The final act in this charade is feeling obliged to have a beer halfway round and stuff two pork pies/sausage rolls away. By the time you’ve also entered the raffle on behalf of the entire fourball in a show of largesse, you’re £40 in to play at your own course and it’s taken three hours to get to the 10th tee.
Mark: The most likely scenario is that I will slip into ‘Pro-am Mark’ where I will try and appear more confident than I am while hoping desperately that I don’t do something horrific like double-hit anything, not that that matters any more.
I’d let my guard slip if he were to hole a 30-footer for four points and you’d find me doing a Hale Irwin round the green. I’d then get far too excited and emotional about winning the day, picturing the pair of us falling into one another’s arms on the last and bring us crashing down to earth. Then we’d end up with 39, four points short of a pair of socks and get down to the real business of the day – spending the next three hours pointing the finger at one another about where it all went wrong.
What’s your strangest/worst experience of one of these days?
Harvey: Where to start… How about not even on the day but the night before and getting a call from your partner asking what colour team shirts do we want to wear tomorrow? Red to impersonate Tiger or black to mirror Gary Player, high-kicking your way around 18 holes and celebrating every birdie with a barrage of push-ups. Safe to say I turned up wearing white and left my other half for the day in his Sunday red. We still did the push-ups after a pint though.

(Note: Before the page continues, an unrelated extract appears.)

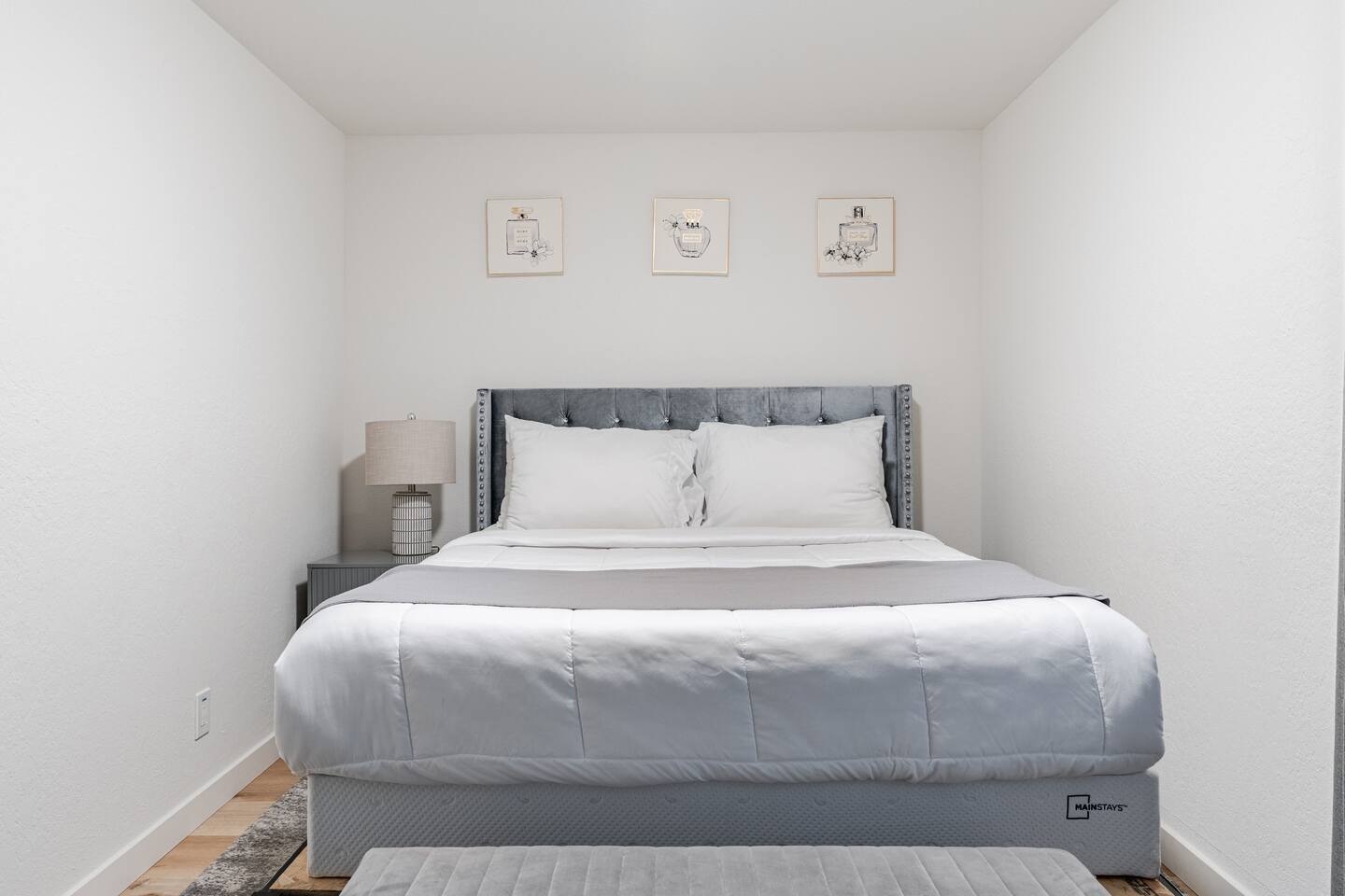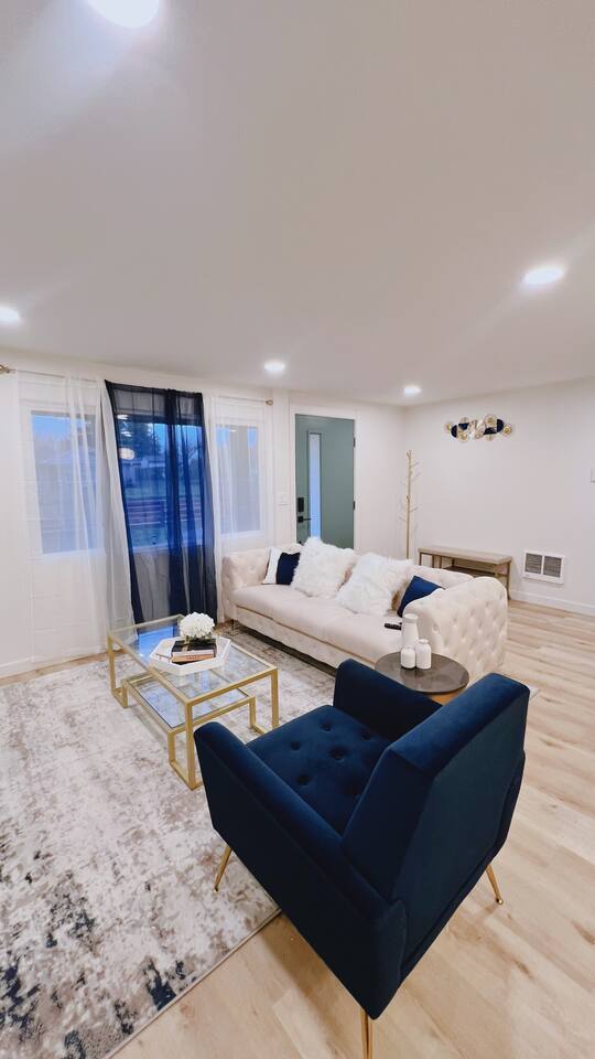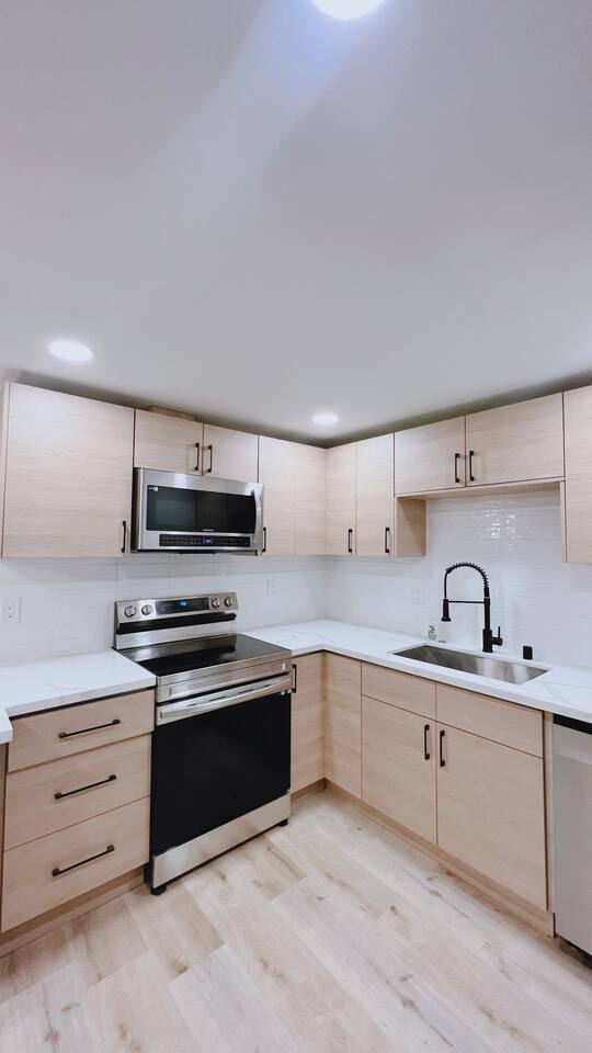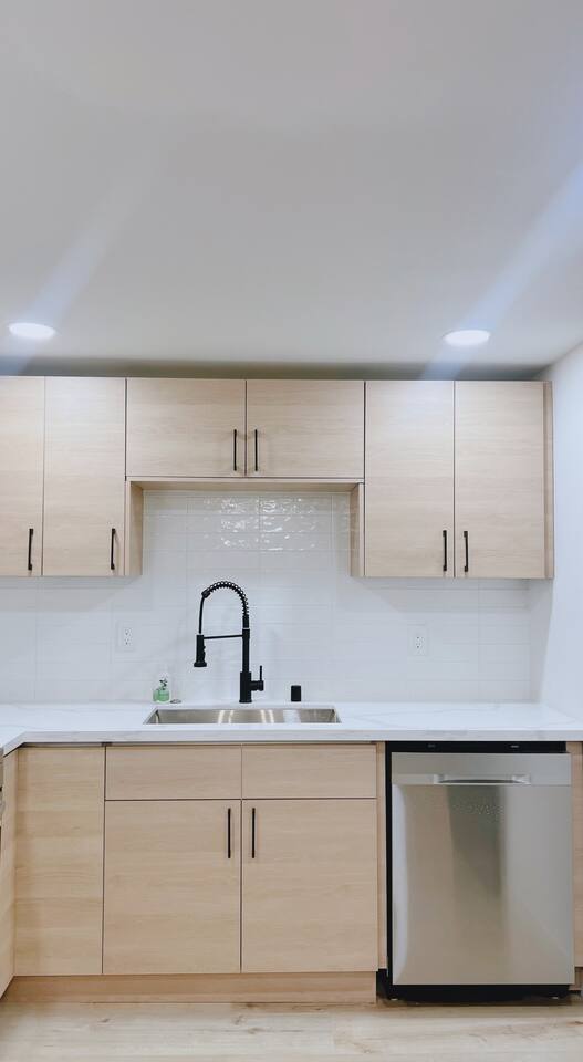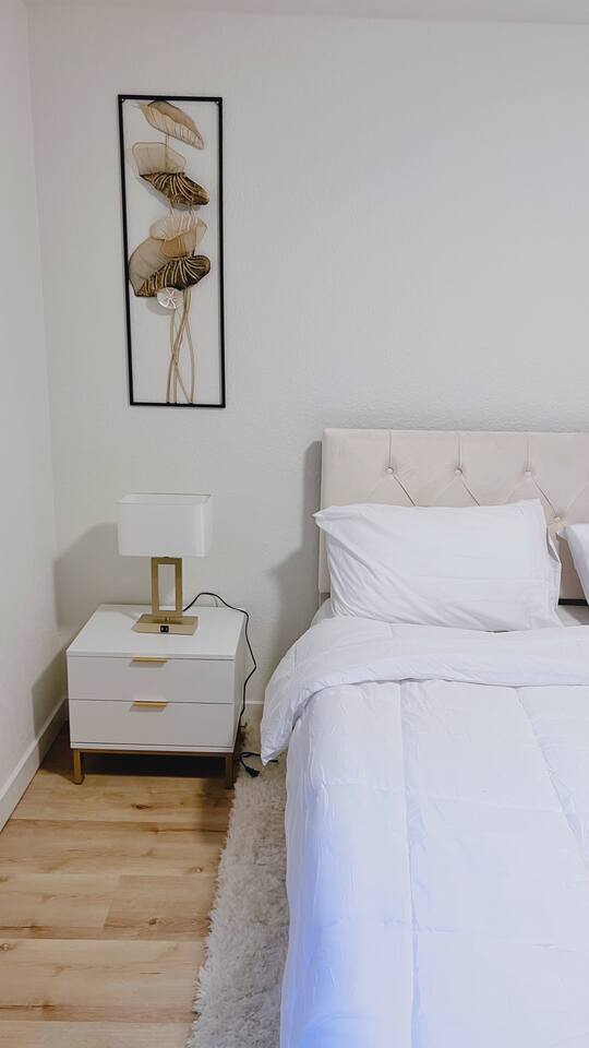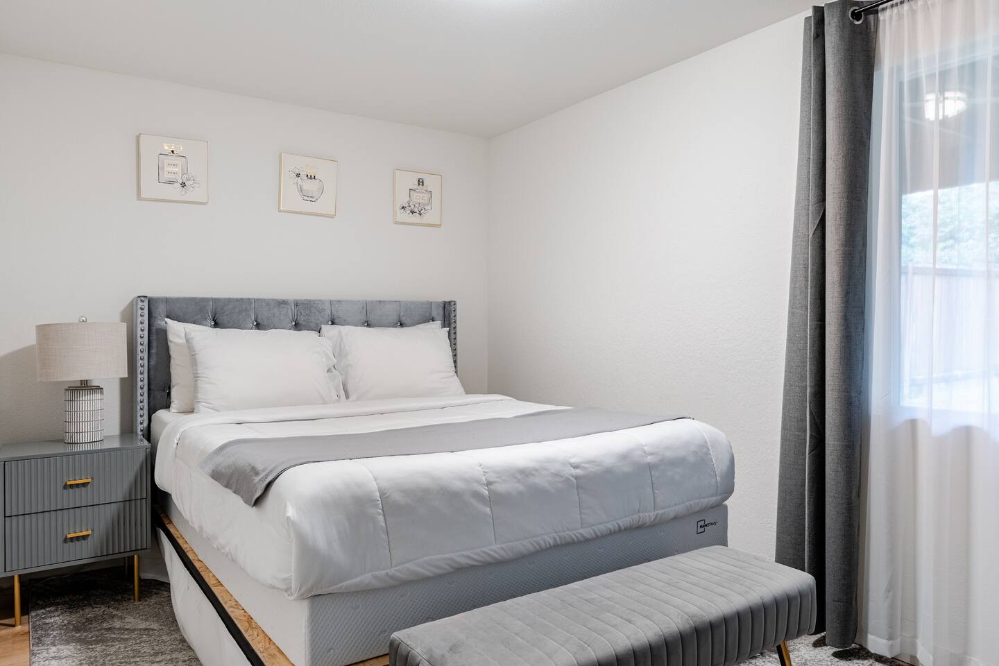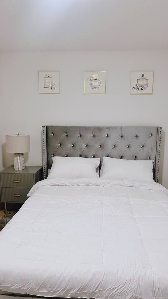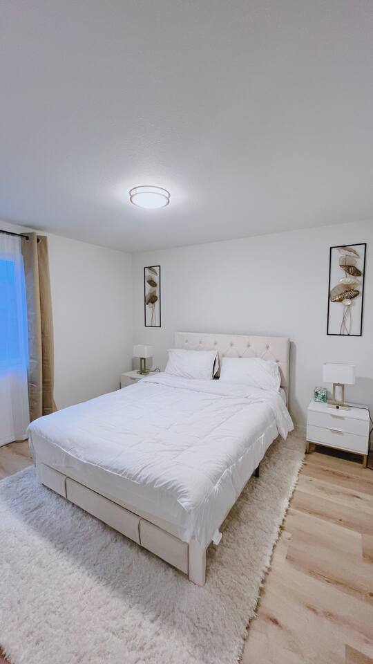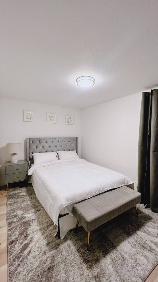 This house is perfect for couples travelling together, a family, traveling business or health care professionals wanting to have their own space. We are equipped with high-speed fiber optic internet for a seamless work from home experience. • Living room: This area includes a comfortable sofa, side chair, Roku smart TV (complimentary Netflix), board games. ✔ Comfortable sofa ✔ Roku smart TV (complimentary Netflix) ✔ Comfy side chair ✔ Coffee tables ✔ Board games ✔ Air purifier • Kitchen: Newly remodeled kitchen has a large quartz counter with stools and dining table that would fit 4 people comfortably. ✔ Microwave / Stove / Oven ✔ Refrigerator / Freezer ✔ Dishwasher ✔ Coffee machine / French press ✔ Toaster ✔ Kettle ✔ Coffee, tea, creamer & sugar ✔ Silverware ✔ Pots & Pans ✔ Basic spices ✔ First Aid kits Perishable items such as cheese, butter, ketchup, etc. are not provided. • Bedroom: You'll feel like you're sleeping on a cloud in both queen memory foam mattress. Both bedroom windows have blackout curtains. ✔ Queen-Size Beds with Pillows, Linens and Sheets ✔ Closets with Hangers and Shelves ✔ Nightstands with Reading Lamps and USB ports ✔ Blackout curtains ✔ Iron and ironing board • Bathroom: Newly remodeled bathroom, quartz sink. ✔ Essential Toiletries ✔ Shower gel and shampoo ✔ Hair Dryer ✔ Feminine products ✔ Extra toothbrushes and razor • Laundry: a laundry room with washer and dryer in the home ✔ Laundry detergent ✔ Dryer sheets • Heating: The home is equipped with electric wall heaters with smart thermostats. • Outdoor: Plenty of space in the front and back yard. 8 minutes' walk away is a gorgeous park with playground, playfield, basketball and tennis court.

Mark: Not that the offers have been flooding in but, unless we can get off by 8am, I’m struggling to set aside six hours for this. I played in one last year where the golf bit took five and a half hours alone though I didn’t need to eat for the rest of the weekend.
I did once play one invitational where one member of the fourball didn’t speak from the 4th tee to the time we had some sandwiches after the round which was all a bit odd.
Dan: As a junior, my dad would often invite two of his friends and then we’d play as a four. As a junior, you have no concept of an enjoyable day out, just of winning. As a junior, you have scrutinised the prize table before play and lined up a new stand bag. As a junior, you expect to birdie all the par 5s and most of the par 3s. As a junior, you expect your 17-handicap partner to be completely aware of the holes where he needs to have your back. We duly opened with a betterball blob on the par-5 1st where that planned opening birdie turned into being behind a tree 50 yards from the green in four. It barely got better from there. I don’t think my dad was overly proud of my demeanour that day.
Steve: A couple of years ago, when I was playing off 13, I got an invitation on the grounds that I would be the team’s secret weapon. It all started well, when I holed a bomb at the 1st, but gradually deteriorated into recriminations and silence as I three-jabbed my way round the rest of the course. No-one stayed for lunch.